Available records below:
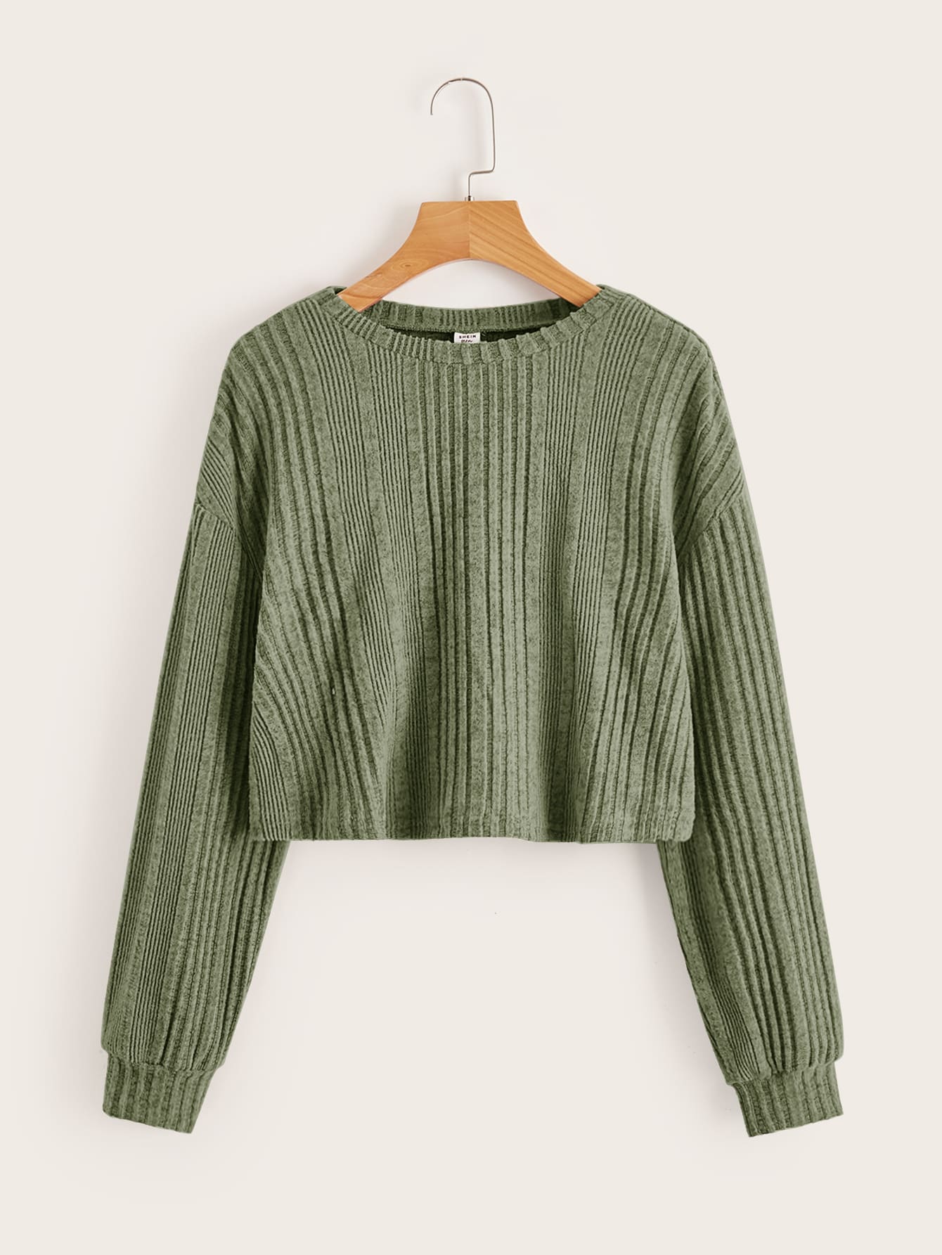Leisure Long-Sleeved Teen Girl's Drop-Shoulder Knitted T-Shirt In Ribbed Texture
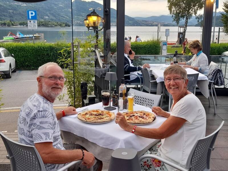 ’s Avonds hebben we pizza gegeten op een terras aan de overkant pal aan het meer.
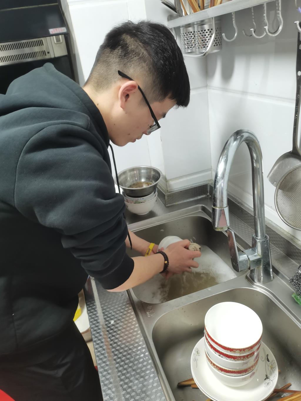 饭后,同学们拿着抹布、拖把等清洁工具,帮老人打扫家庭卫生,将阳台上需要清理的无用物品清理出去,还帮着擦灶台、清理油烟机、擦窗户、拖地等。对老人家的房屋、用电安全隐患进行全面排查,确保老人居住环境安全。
End of Available records.
Available records below:
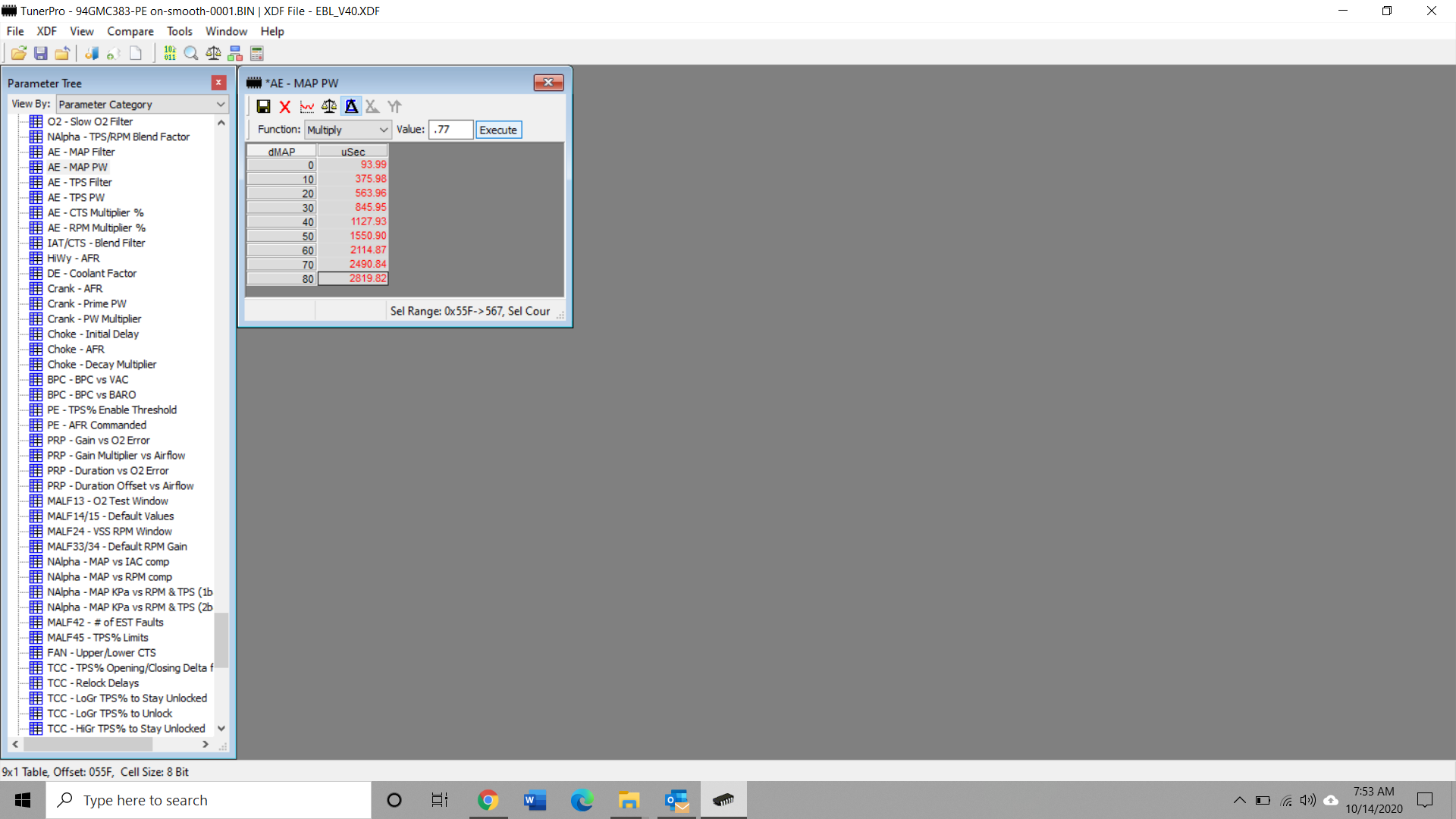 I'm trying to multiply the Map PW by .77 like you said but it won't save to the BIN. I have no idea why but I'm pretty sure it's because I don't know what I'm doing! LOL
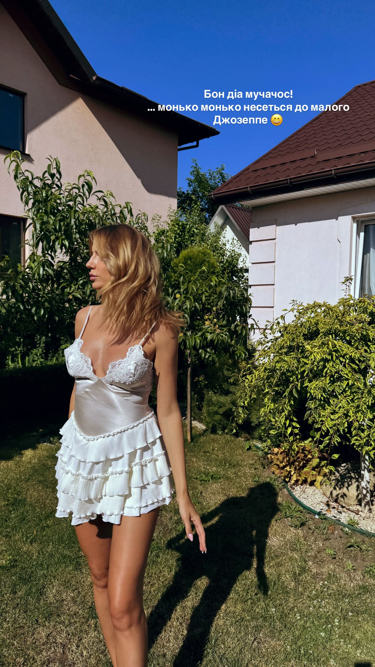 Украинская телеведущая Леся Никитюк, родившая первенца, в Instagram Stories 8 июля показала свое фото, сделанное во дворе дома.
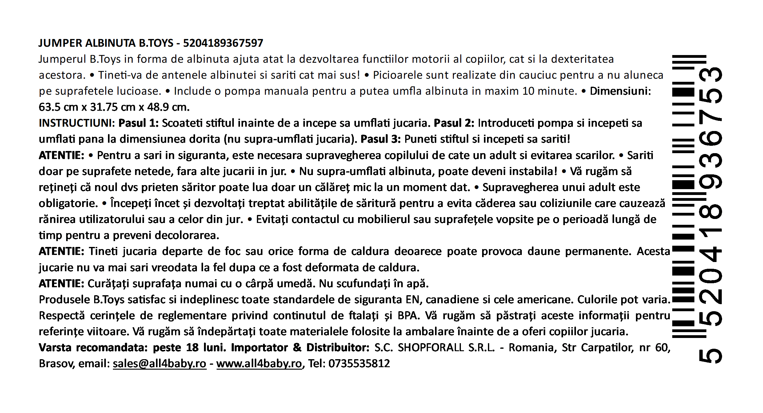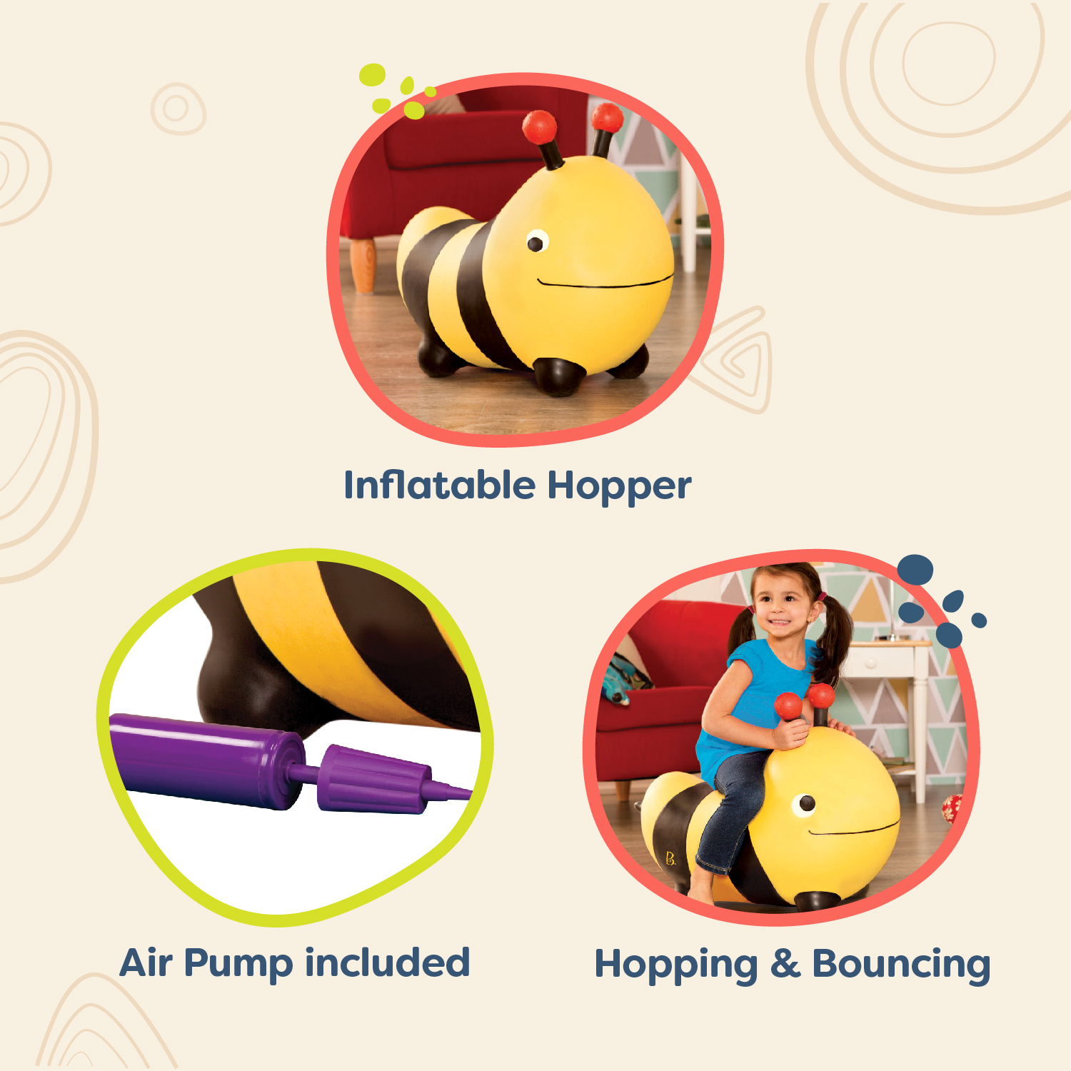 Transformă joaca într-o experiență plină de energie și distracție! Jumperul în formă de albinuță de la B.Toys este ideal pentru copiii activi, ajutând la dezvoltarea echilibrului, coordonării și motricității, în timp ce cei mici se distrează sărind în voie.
End of Available records.
Problem details:
Having found the line with "I'm trying to" and the line with "Transformă joaca într-o" in the material above, write out exactly those two and every line between, leaving the pictures out.

Solution for this task:
 I'm trying to multiply the Map PW by .77 like you said but it won't save to the BIN. I have no idea why but I'm pretty sure it's because I don't know what I'm doing! LOL
 Украинская телеведущая Леся Никитюк, родившая первенца, в Instagram Stories 8 июля показала свое фото, сделанное во дворе дома.
 Transformă joaca într-o experiență plină de energie și distracție! Jumperul în formă de albinuță de la B.Toys este ideal pentru copiii activi, ajutând la dezvoltarea echilibrului, coordonării și motricității, în timp ce cei mici se distrează sărind în voie.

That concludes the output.